Could you transcribe all of the data exactly and skip any pictures?

** Opening Provided data block **

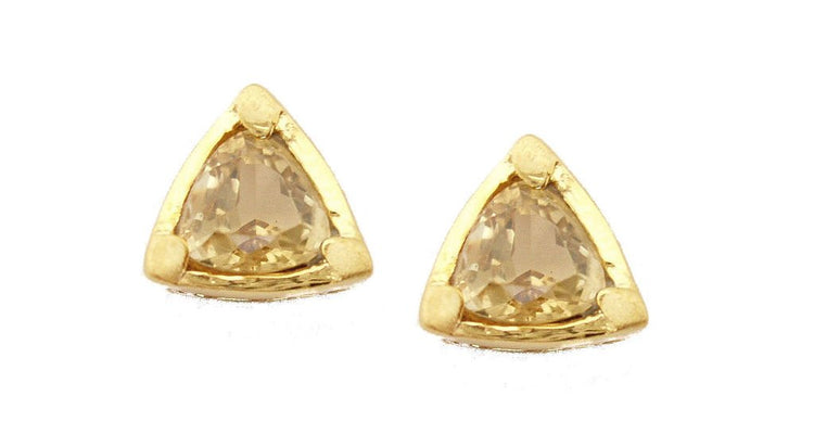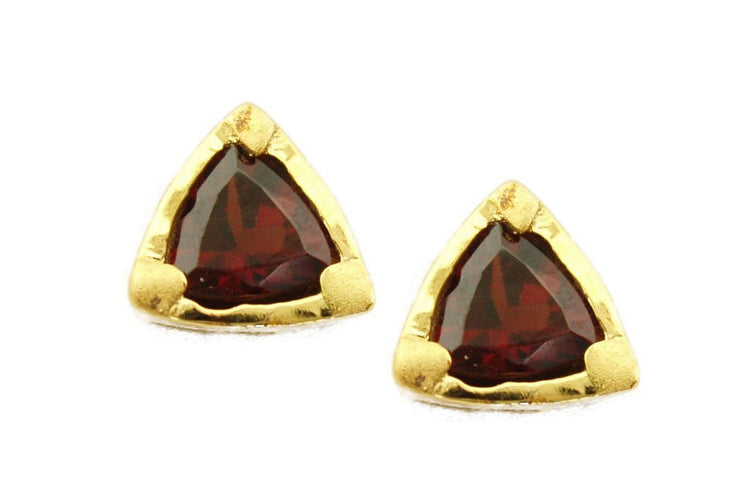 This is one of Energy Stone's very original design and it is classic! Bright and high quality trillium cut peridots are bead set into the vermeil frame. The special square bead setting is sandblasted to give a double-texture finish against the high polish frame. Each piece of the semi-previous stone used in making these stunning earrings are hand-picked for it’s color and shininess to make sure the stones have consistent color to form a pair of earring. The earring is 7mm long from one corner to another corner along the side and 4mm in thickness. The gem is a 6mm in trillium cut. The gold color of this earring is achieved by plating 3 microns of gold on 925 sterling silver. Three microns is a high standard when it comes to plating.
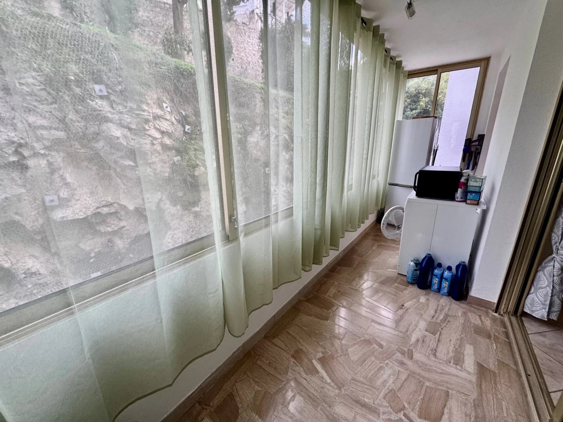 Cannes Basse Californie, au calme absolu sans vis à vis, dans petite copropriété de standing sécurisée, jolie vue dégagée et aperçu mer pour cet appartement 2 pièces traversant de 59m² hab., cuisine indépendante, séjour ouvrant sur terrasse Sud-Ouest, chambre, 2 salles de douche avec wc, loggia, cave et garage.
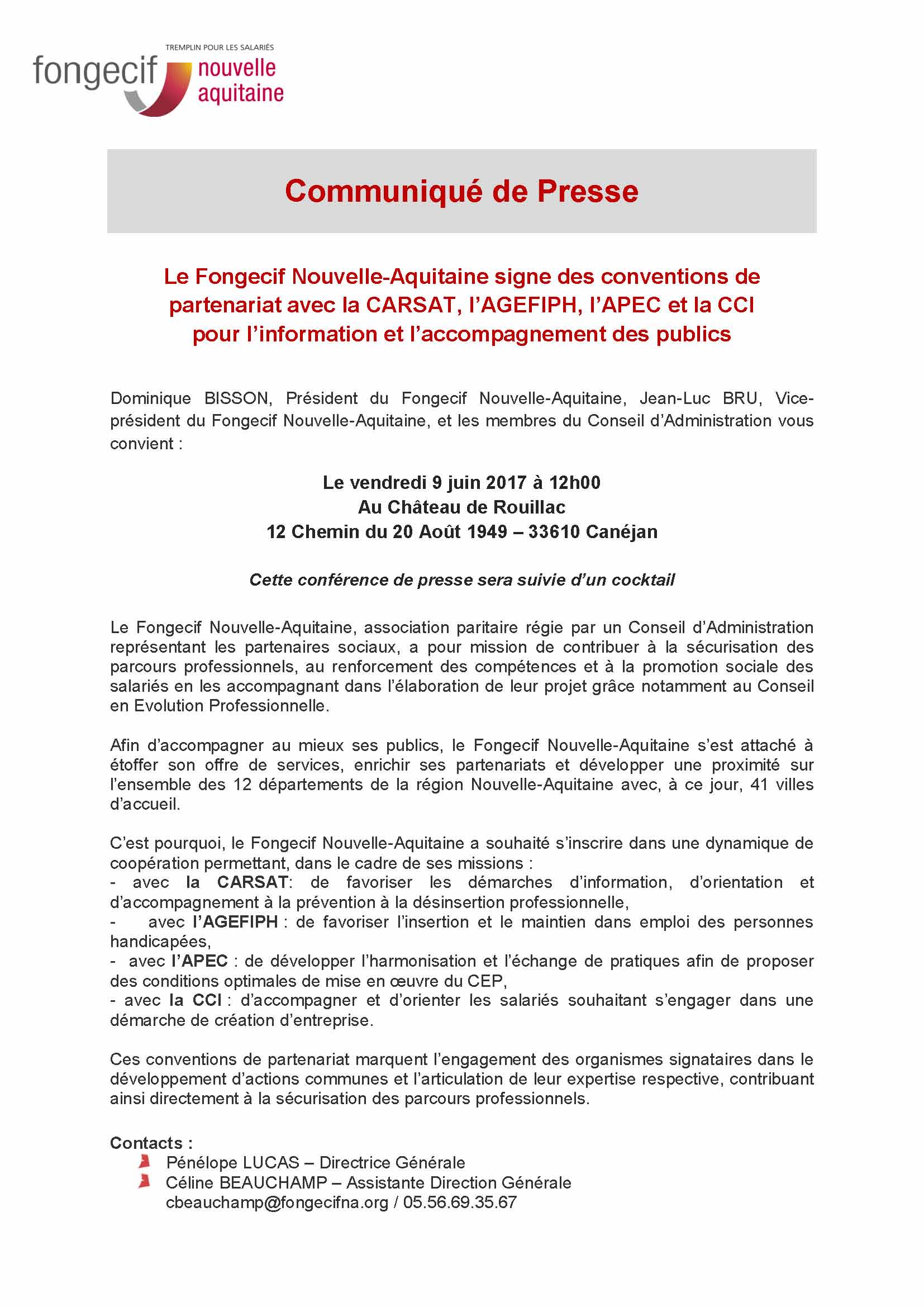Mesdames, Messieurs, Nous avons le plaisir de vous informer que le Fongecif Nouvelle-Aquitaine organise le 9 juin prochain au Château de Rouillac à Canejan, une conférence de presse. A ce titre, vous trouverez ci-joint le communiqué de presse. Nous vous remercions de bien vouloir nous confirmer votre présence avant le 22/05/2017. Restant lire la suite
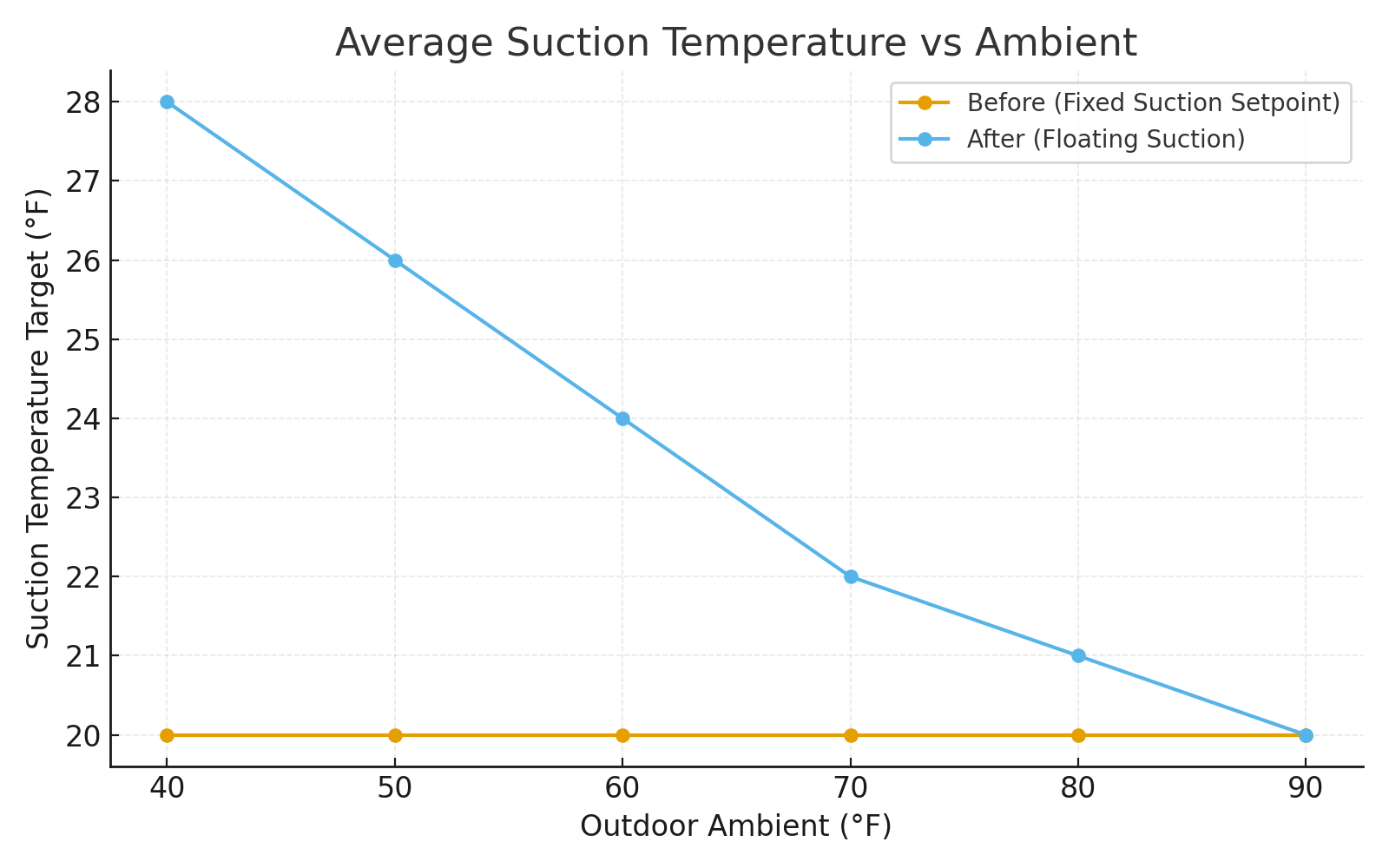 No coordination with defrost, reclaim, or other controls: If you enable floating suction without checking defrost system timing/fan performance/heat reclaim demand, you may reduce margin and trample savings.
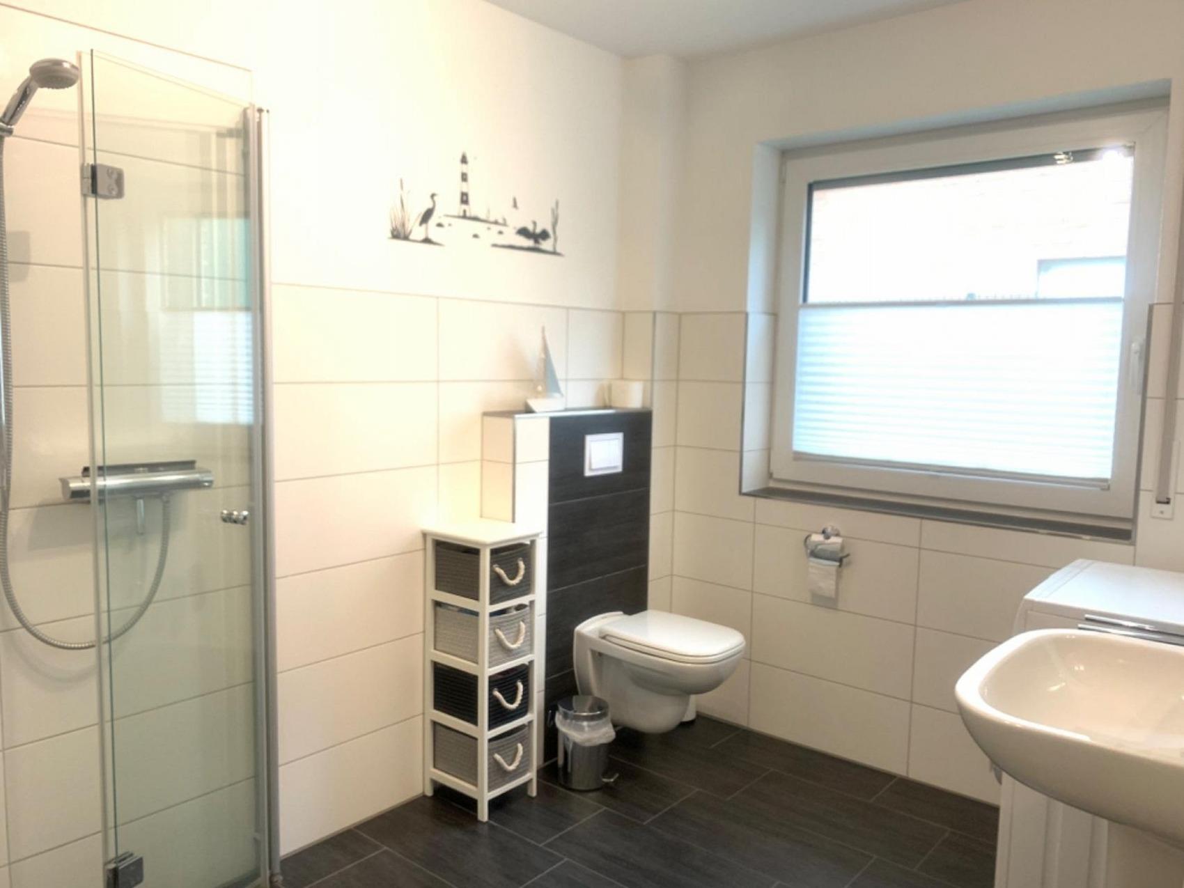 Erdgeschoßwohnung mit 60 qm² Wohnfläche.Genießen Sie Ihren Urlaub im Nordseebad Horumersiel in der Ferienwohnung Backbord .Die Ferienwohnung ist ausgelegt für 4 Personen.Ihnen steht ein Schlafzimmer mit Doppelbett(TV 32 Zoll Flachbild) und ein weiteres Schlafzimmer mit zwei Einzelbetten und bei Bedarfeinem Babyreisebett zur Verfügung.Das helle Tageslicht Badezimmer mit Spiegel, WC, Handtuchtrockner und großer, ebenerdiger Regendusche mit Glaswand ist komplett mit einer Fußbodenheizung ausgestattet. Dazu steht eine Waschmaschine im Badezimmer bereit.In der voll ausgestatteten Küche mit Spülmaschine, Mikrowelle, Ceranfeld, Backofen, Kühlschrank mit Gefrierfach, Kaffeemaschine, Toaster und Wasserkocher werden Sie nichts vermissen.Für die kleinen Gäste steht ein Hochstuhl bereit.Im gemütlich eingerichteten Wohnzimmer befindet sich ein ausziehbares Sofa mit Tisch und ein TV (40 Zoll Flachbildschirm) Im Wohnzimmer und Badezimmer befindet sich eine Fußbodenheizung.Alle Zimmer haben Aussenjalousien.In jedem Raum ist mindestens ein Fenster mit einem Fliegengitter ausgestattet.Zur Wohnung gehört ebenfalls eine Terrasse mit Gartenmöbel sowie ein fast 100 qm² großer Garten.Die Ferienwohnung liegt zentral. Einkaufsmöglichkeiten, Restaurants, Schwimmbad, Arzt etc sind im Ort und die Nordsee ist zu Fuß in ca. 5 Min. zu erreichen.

** Closing Provided data block **

# Solved exercise:
 This is one of Energy Stone's very original design and it is classic! Bright and high quality trillium cut peridots are bead set into the vermeil frame. The special square bead setting is sandblasted to give a double-texture finish against the high polish frame. Each piece of the semi-previous stone used in making these stunning earrings are hand-picked for it’s color and shininess to make sure the stones have consistent color to form a pair of earring. The earring is 7mm long from one corner to another corner along the side and 4mm in thickness. The gem is a 6mm in trillium cut. The gold color of this earring is achieved by plating 3 microns of gold on 925 sterling silver. Three microns is a high standard when it comes to plating.
 Cannes Basse Californie, au calme absolu sans vis à vis, dans petite copropriété de standing sécurisée, jolie vue dégagée et aperçu mer pour cet appartement 2 pièces traversant de 59m² hab., cuisine indépendante, séjour ouvrant sur terrasse Sud-Ouest, chambre, 2 salles de douche avec wc, loggia, cave et garage.
Mesdames, Messieurs, Nous avons le plaisir de vous informer que le Fongecif Nouvelle-Aquitaine organise le 9 juin prochain au Château de Rouillac à Canejan, une conférence de presse. A ce titre, vous trouverez ci-joint le communiqué de presse. Nous vous remercions de bien vouloir nous confirmer votre présence avant le 22/05/2017. Restant lire la suite
 No coordination with defrost, reclaim, or other controls: If you enable floating suction without checking defrost system timing/fan performance/heat reclaim demand, you may reduce margin and trample savings.
 Erdgeschoßwohnung mit 60 qm² Wohnfläche.Genießen Sie Ihren Urlaub im Nordseebad Horumersiel in der Ferienwohnung Backbord .Die Ferienwohnung ist ausgelegt für 4 Personen.Ihnen steht ein Schlafzimmer mit Doppelbett(TV 32 Zoll Flachbild) und ein weiteres Schlafzimmer mit zwei Einzelbetten und bei Bedarfeinem Babyreisebett zur Verfügung.Das helle Tageslicht Badezimmer mit Spiegel, WC, Handtuchtrockner und großer, ebenerdiger Regendusche mit Glaswand ist komplett mit einer Fußbodenheizung ausgestattet. Dazu steht eine Waschmaschine im Badezimmer bereit.In der voll ausgestatteten Küche mit Spülmaschine, Mikrowelle, Ceranfeld, Backofen, Kühlschrank mit Gefrierfach, Kaffeemaschine, Toaster und Wasserkocher werden Sie nichts vermissen.Für die kleinen Gäste steht ein Hochstuhl bereit.Im gemütlich eingerichteten Wohnzimmer befindet sich ein ausziehbares Sofa mit Tisch und ein TV (40 Zoll Flachbildschirm) Im Wohnzimmer und Badezimmer befindet sich eine Fußbodenheizung.Alle Zimmer haben Aussenjalousien.In jedem Raum ist mindestens ein Fenster mit einem Fliegengitter ausgestattet.Zur Wohnung gehört ebenfalls eine Terrasse mit Gartenmöbel sowie ein fast 100 qm² großer Garten.Die Ferienwohnung liegt zentral. Einkaufsmöglichkeiten, Restaurants, Schwimmbad, Arzt etc sind im Ort und die Nordsee ist zu Fuß in ca. 5 Min. zu erreichen.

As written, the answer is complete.